Lit., "[It is] like the parable of...", etc.
This is the sole instance in the Qur'an where the participial noun kafir (in its plural form kuffar) has its original meaning of "tiller of the soil". For the etymology of this meaning, see note [4] on 74:10 , where the term kafir (in the sense of "denier of the truth") appears for the first time in the sequence of Qur'anic revelation.
According to Tabari, the conjunction wa has here the meaning of aw ("or").
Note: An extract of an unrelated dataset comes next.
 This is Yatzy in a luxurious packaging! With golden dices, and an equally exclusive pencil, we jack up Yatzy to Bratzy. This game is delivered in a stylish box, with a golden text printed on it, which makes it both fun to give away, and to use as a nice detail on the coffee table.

Cf. vi. 32, and n. 855. In the present passage the idea is further amplified. In this life people not only play and amuse themselves and each other, but they show off, and boast, and pile up riches and man-power and influence, in rivalry with each other.
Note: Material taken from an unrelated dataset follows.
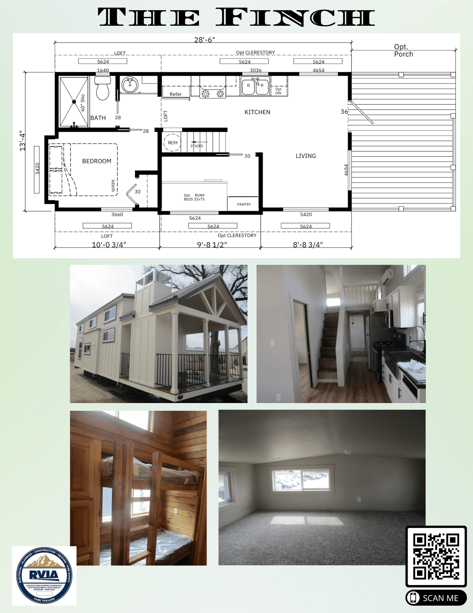 The Finch Tiny Home Park Model RV by Utah Structures is a charming and efficient living space designed for those who appreciate simplicity without sacrificing style. With its smart layout, high-quality craftsmanship, and modern finishes, The Finch offers a cozy yet functional retreat perfect for full-time living, vacationing, or rental use. This park model RV maximizes space with clever storage solutions while maintaining an open and inviting feel. Built with durability and energy efficiency in mind, The Finch is an excellent choice for anyone looking to embrace tiny home living with comfort and ease.

Cf. xxxix. 21, and n. 4273. Here the Parable is meant to teach a slightly different lesson. Allah's mercies are free and open to all, like His rain. But how do men make use of them? The good men take the real spiritual harvest and store the Spiritual grain. The men who are in love with the ephemeral are delighted with the green of the tares and the grass; but such things give no real nourishment; they soon wither, become dry, and crumble to pieces, like the worldly pleasures and pomps, boasting and tumults, possessions and friends.
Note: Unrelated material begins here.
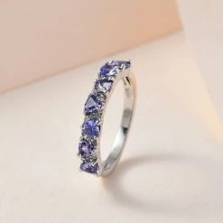 Tansanit-Ring, 925 Silber Platiniert (Größe 21.00) Ca. 2.07 Ct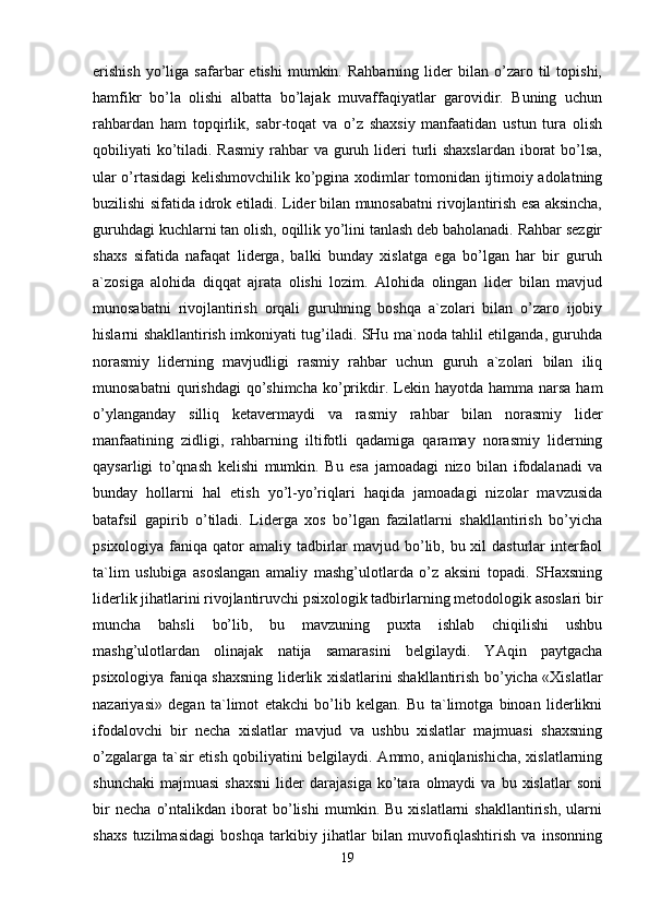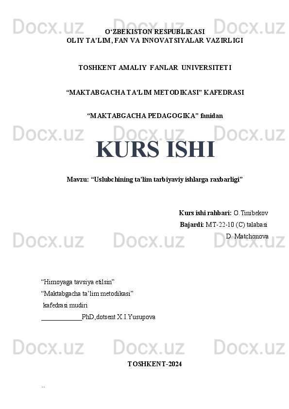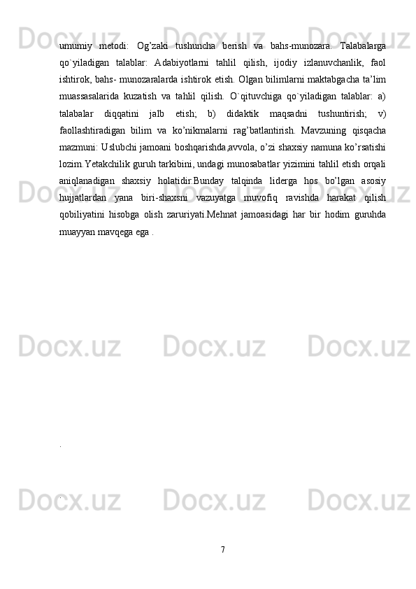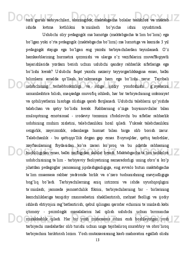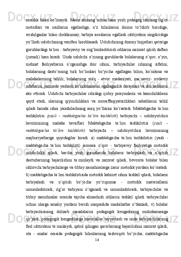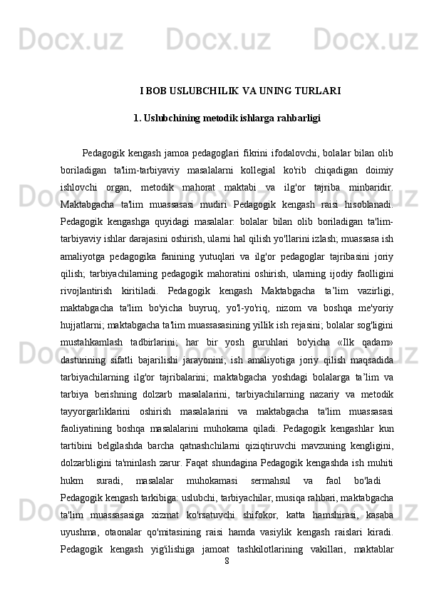 Uslubchining ta’lim tarbiyaviy ishlarga raxbarligi

Kuffar is here used in the unusual sense of 'tillers or husbandmen', because they sow the seed and cover it up with soil. But the ordinary meaning, 'Rejecters of Truth', is not absent. The allegory refers to such men.
Cf. iii. 185, and n. 492. Many of the attractive vanities of this world are but nets set by Satan to deceive man. The only thing real and lasting is the Good Life lived in the Light of Allah.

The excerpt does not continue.